◆ Supplied material ◆

● ● ●

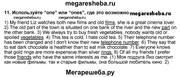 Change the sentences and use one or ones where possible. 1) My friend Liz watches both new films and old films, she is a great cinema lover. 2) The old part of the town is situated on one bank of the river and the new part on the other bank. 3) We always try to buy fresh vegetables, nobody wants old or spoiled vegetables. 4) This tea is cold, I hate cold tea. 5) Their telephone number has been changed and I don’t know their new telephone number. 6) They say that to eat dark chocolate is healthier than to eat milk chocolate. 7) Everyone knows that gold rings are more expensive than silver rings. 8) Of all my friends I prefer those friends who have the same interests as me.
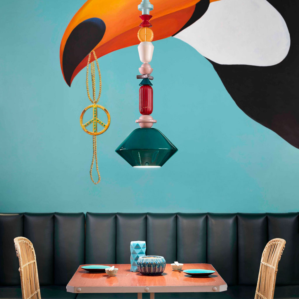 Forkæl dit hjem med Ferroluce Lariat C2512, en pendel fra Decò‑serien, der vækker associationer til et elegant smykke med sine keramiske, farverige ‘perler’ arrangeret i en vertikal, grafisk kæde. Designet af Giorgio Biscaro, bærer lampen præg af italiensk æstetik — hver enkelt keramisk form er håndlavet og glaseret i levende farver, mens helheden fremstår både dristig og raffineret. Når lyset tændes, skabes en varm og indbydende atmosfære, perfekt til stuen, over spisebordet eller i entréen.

● ● ●

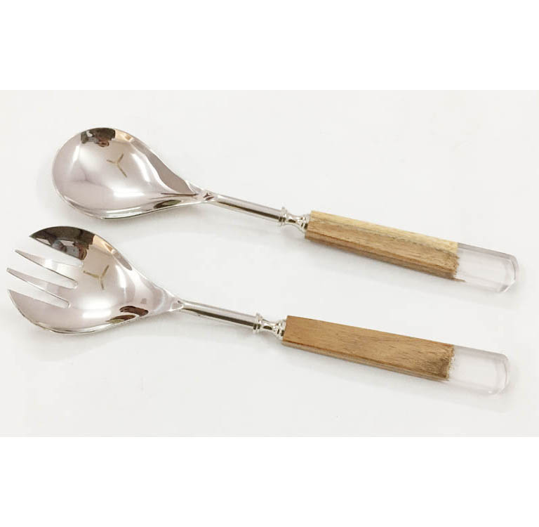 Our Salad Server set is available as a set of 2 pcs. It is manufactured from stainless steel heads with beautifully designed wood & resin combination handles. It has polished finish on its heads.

● ● ●

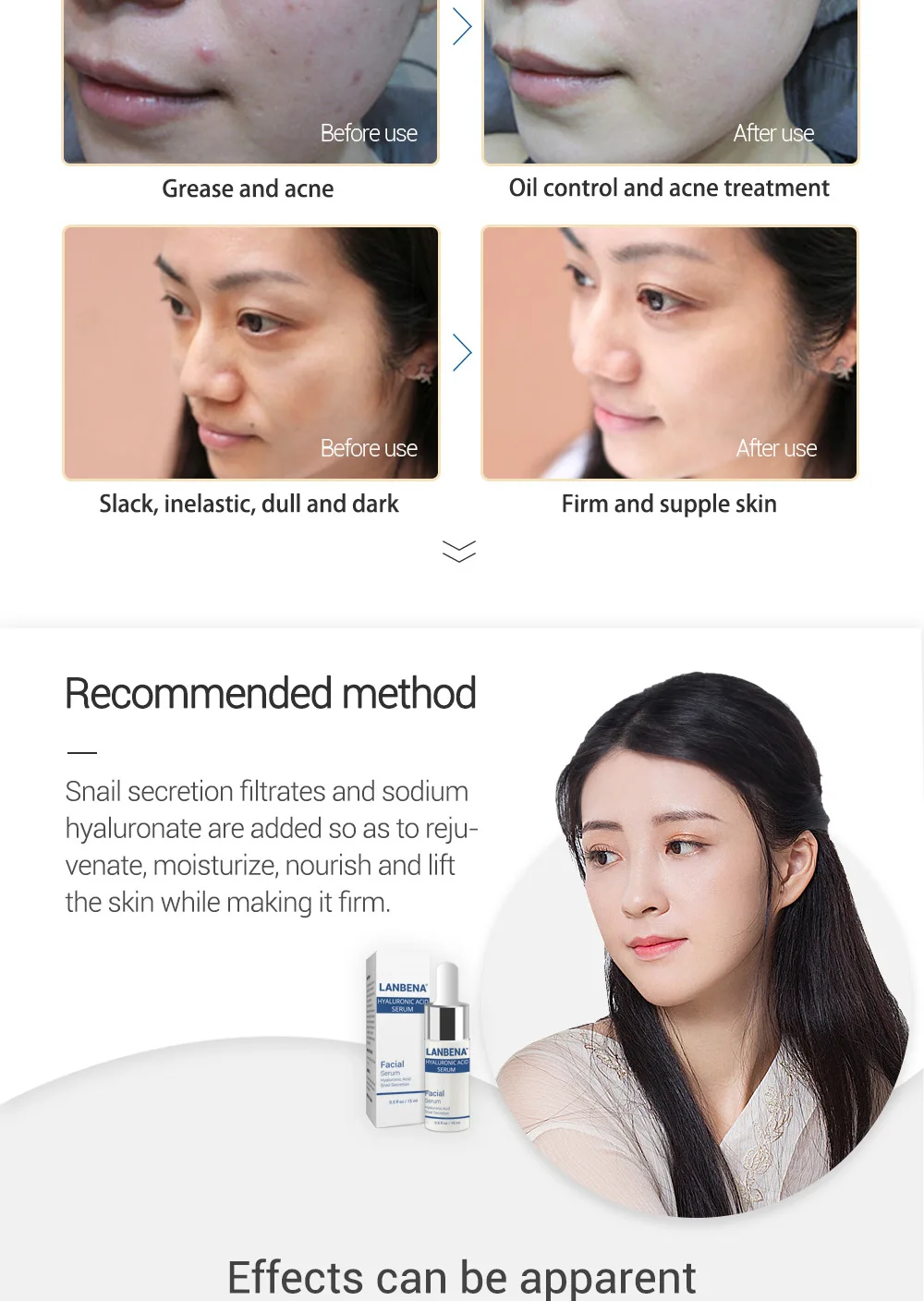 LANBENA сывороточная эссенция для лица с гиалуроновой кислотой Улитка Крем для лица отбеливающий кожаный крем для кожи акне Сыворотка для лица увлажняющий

● ● ●

◆ What you are asked to do ◆
Transcribe only the lines above that start at the line containing "Change the sentences" and end at the line containing "Forkæl dit hjem". Omit pictures.

◆ Exercise output ◆
 Change the sentences and use one or ones where possible. 1) My friend Liz watches both new films and old films, she is a great cinema lover. 2) The old part of the town is situated on one bank of the river and the new part on the other bank. 3) We always try to buy fresh vegetables, nobody wants old or spoiled vegetables. 4) This tea is cold, I hate cold tea. 5) Their telephone number has been changed and I don’t know their new telephone number. 6) They say that to eat dark chocolate is healthier than to eat milk chocolate. 7) Everyone knows that gold rings are more expensive than silver rings. 8) Of all my friends I prefer those friends who have the same interests as me.
 Forkæl dit hjem med Ferroluce Lariat C2512, en pendel fra Decò‑serien, der vækker associationer til et elegant smykke med sine keramiske, farverige ‘perler’ arrangeret i en vertikal, grafisk kæde. Designet af Giorgio Biscaro, bærer lampen præg af italiensk æstetik — hver enkelt keramisk form er håndlavet og glaseret i levende farver, mens helheden fremstår både dristig og raffineret. Når lyset tændes, skabes en varm og indbydende atmosfære, perfekt til stuen, over spisebordet eller i entréen.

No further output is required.